- What is being asked -
From start to end, write out the following data exactly, apart from its images.

- Entries supplied -
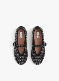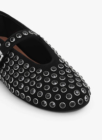 Signature Alaia ballet flats inspired by classical Japonese shoes Buckle strap on top, round toes, rubber sole Suede goatskin leather adorned with riveted strass Made in Italy DETAILS MAIN LINING: 100% LAMBSKIN MAIN APPLICATION: 100% ACRYLIC SOLE: 100% RUBBER UPPER MATERIAL 1: 100% GOAT LEATHER BUCKLE: 100% ZAMAK PRODUCT REFERENCE: AA3A029CK234 - 999
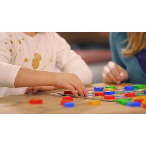 Rote Kreise, gelbe Vierecke, blaue Dreiecke – ein kunterbuntes Durcheinander! Die Würfel zeigen ein Viereck und die Farbe Blau: Wer findet ein blaues Viereck? Wo ist ein passendes Feld auf dem Spielplan? Hier kommt der Spielstein hinein. Wer zuerst alle Spielsteine auf dem Plan untergebracht hat, gewinnt das Spiel.Art.-Nr.: 1405183
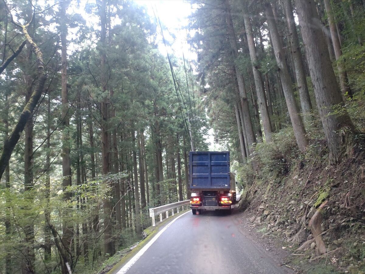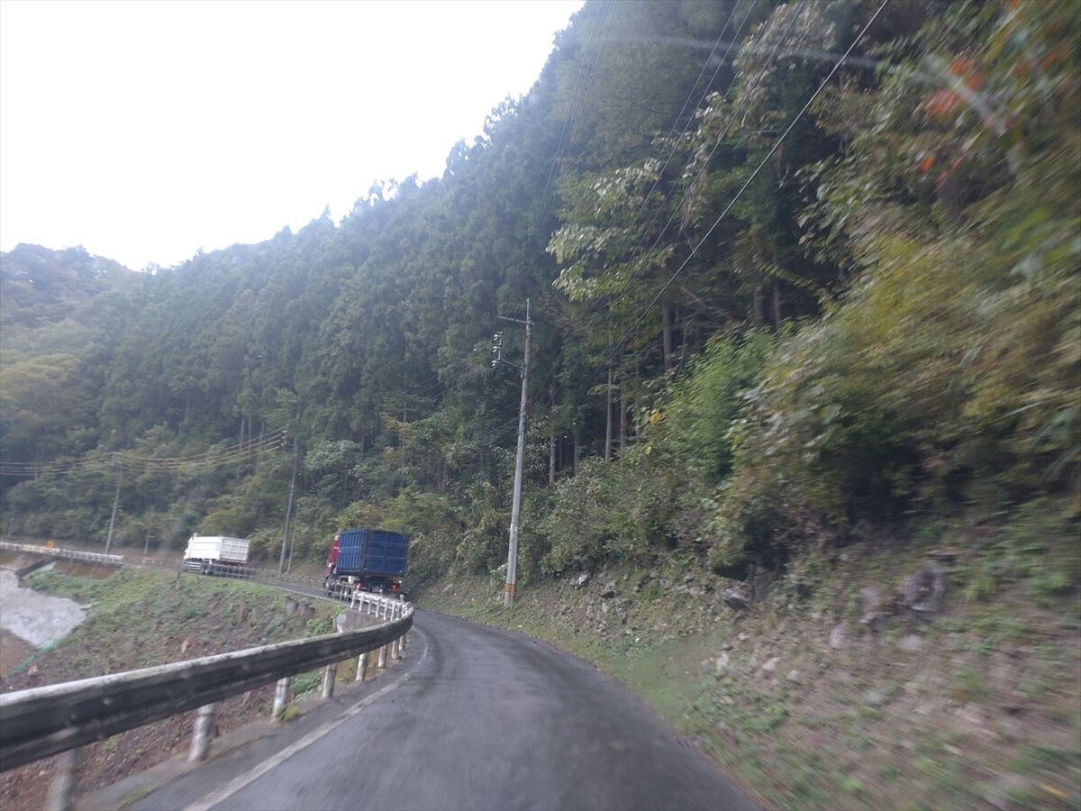 ところどころ離合のための少し広い所がありますが、大型車同士は厳しいですね(^^;
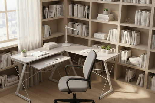 Description The Roka Corner Desk White combines smart space utilization with practical functionality. Its solid pine wood and MDF construction pro...
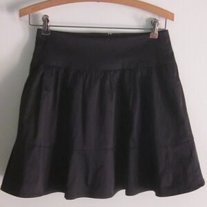 Nanette Lepore Black Flared Mini Skirt Size 0 26” Waistband Rear Zipper
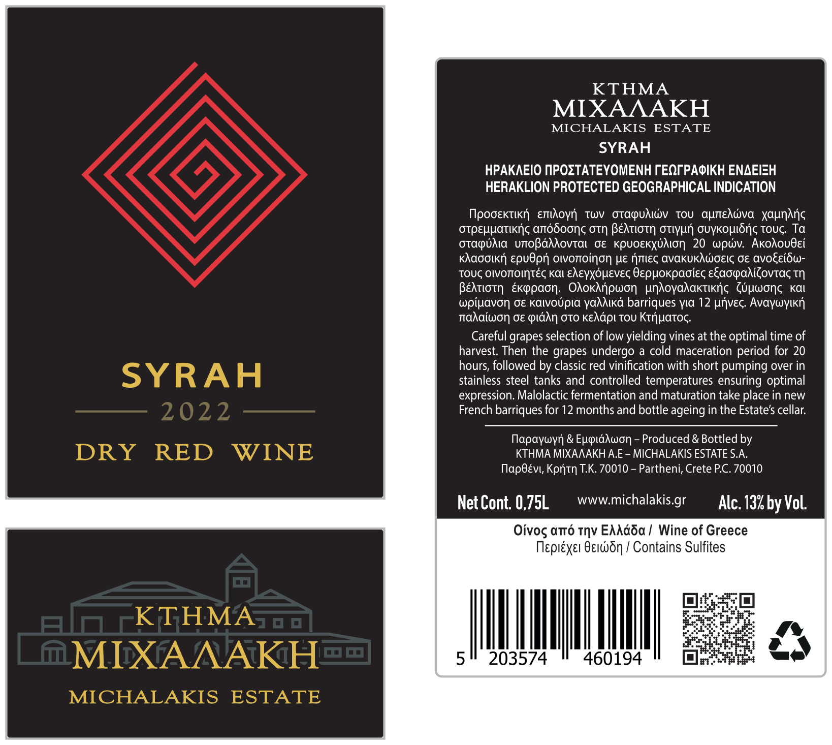 Εσοδεία: 2022 Περιοχή: Παρθένι, Ηρακλείου Κρήτης Αμπελώνας: Ορεινοί Αμπελώνες του Κτήματος σε υψόμετρο 450-480 μέτρων. Τρύγος Χειρωνακτικός: Τέλη Αυγούστου Αλκοολικός Τίτλος: 13% by Vol Οινοποίηση: Προσεκτική επιλογή των σταφυλιών του αμπελώνα χαμηλής στρεμματικής απόδοσης στη βέλτιστη στιγμή συγκομιδής τους. Τα σταφύλια υποβάλλονται σε κρυοεκχύλιση 20 ωρών. Ακολουθεί κλασσική ερυθρή οινοποίηση με ήπιες ανακυκλώσεις σε ανοξείδωτους οινοποιητές και ελεγχόμενες θερμοκρασίες εξασφαλίζοντας τη βέλτιστη έκφραση. Ολοκλήρωση μηλογαλακτικής ζύμωσης και ωρίμανση σε καινούρια γαλλικά barriques για 12 μήνες. Αναγωγική παλαίωση σε φιάλη στο κελάρι του Κτήματος. Σερβίρεται μεταξύ: 16-18°C
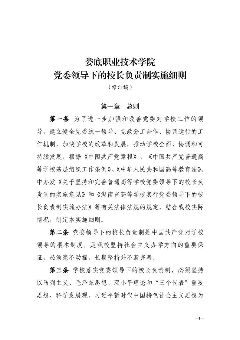 娄底职业技术学院党委领导下的院长负责制实施细则
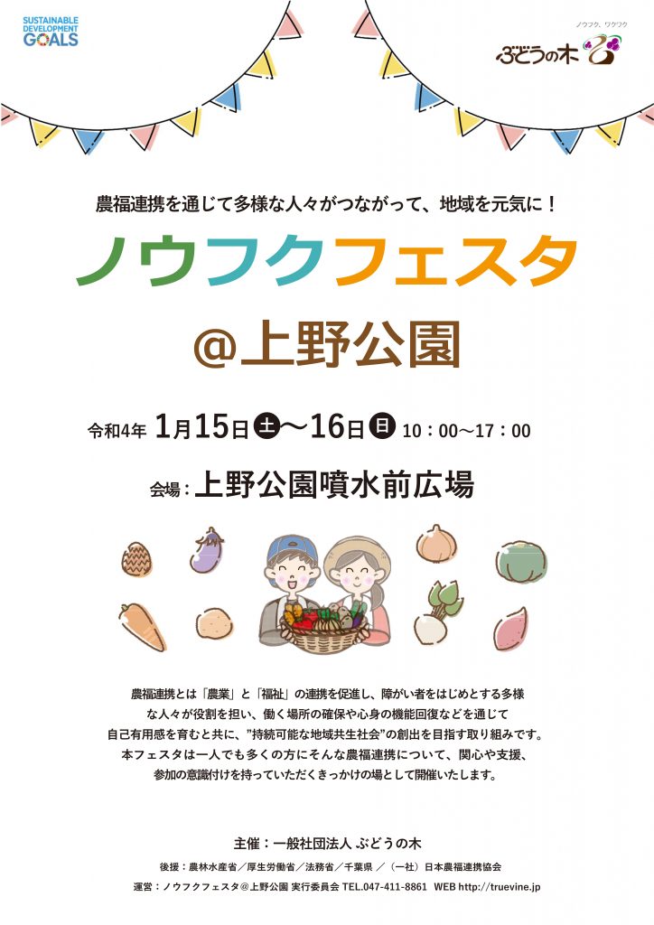 農福連携を通じて多様な人々がつながって、地域を元気に! 1月15(土)16(日)は上野公園でノウフクフェスタ
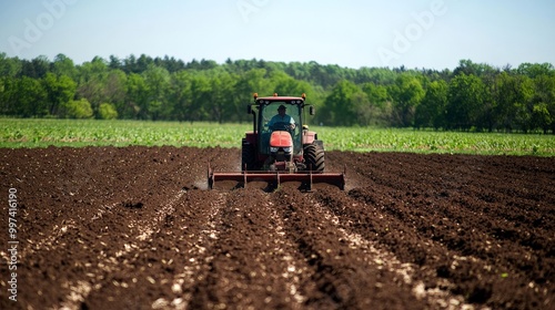 A farmer tilling a field with a tractor, turning over rich, dark soil under a clear blue sky

- The completed task -
 Signature Alaia ballet flats inspired by classical Japonese shoes Buckle strap on top, round toes, rubber sole Suede goatskin leather adorned with riveted strass Made in Italy DETAILS MAIN LINING: 100% LAMBSKIN MAIN APPLICATION: 100% ACRYLIC SOLE: 100% RUBBER UPPER MATERIAL 1: 100% GOAT LEATHER BUCKLE: 100% ZAMAK PRODUCT REFERENCE: AA3A029CK234 - 999
 Rote Kreise, gelbe Vierecke, blaue Dreiecke – ein kunterbuntes Durcheinander! Die Würfel zeigen ein Viereck und die Farbe Blau: Wer findet ein blaues Viereck? Wo ist ein passendes Feld auf dem Spielplan? Hier kommt der Spielstein hinein. Wer zuerst alle Spielsteine auf dem Plan untergebracht hat, gewinnt das Spiel.Art.-Nr.: 1405183
 ところどころ離合のための少し広い所がありますが、大型車同士は厳しいですね(^^;
 Description The Roka Corner Desk White combines smart space utilization with practical functionality. Its solid pine wood and MDF construction pro...
 Nanette Lepore Black Flared Mini Skirt Size 0 26” Waistband Rear Zipper
 Εσοδεία: 2022 Περιοχή: Παρθένι, Ηρακλείου Κρήτης Αμπελώνας: Ορεινοί Αμπελώνες του Κτήματος σε υψόμετρο 450-480 μέτρων. Τρύγος Χειρωνακτικός: Τέλη Αυγούστου Αλκοολικός Τίτλος: 13% by Vol Οινοποίηση: Προσεκτική επιλογή των σταφυλιών του αμπελώνα χαμηλής στρεμματικής απόδοσης στη βέλτιστη στιγμή συγκομιδής τους. Τα σταφύλια υποβάλλονται σε κρυοεκχύλιση 20 ωρών. Ακολουθεί κλασσική ερυθρή οινοποίηση με ήπιες ανακυκλώσεις σε ανοξείδωτους οινοποιητές και ελεγχόμενες θερμοκρασίες εξασφαλίζοντας τη βέλτιστη έκφραση. Ολοκλήρωση μηλογαλακτικής ζύμωσης και ωρίμανση σε καινούρια γαλλικά barriques για 12 μήνες. Αναγωγική παλαίωση σε φιάλη στο κελάρι του Κτήματος. Σερβίρεται μεταξύ: 16-18°C
 娄底职业技术学院党委领导下的院长负责制实施细则
 農福連携を通じて多様な人々がつながって、地域を元気に! 1月15(土)16(日)は上野公園でノウフクフェスタ
 A farmer tilling a field with a tractor, turning over rich, dark soil under a clear blue sky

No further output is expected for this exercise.